▶ _WORK REQUIRED_: Everything in the listing below should be written out again exactly, except the pictures.

▶ _INPUT DATA_:
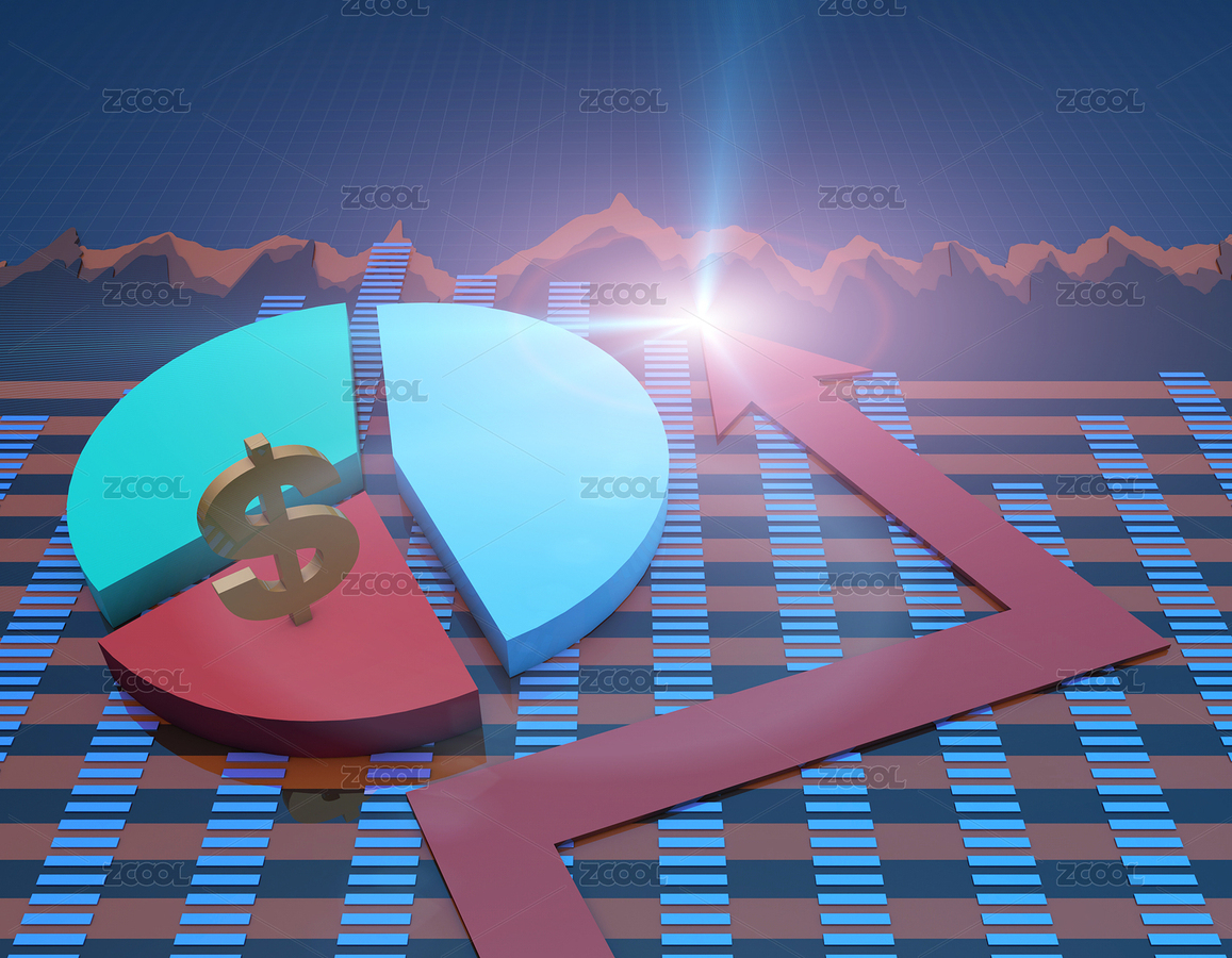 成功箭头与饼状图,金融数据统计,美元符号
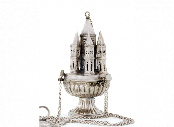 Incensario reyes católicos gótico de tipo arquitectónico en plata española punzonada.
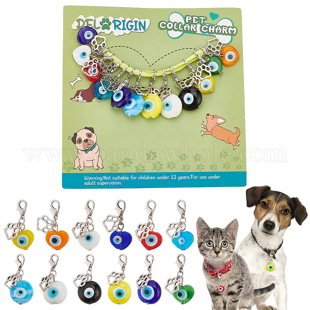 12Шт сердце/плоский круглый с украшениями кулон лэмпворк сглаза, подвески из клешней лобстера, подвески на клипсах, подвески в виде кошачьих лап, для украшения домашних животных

▶ _COMPLETED TASK_:
 成功箭头与饼状图,金融数据统计,美元符号
 Incensario reyes católicos gótico de tipo arquitectónico en plata española punzonada.
 12Шт сердце/плоский круглый с украшениями кулон лэмпворк сглаза, подвески из клешней лобстера, подвески на клипсах, подвески в виде кошачьих лап, для украшения домашних животных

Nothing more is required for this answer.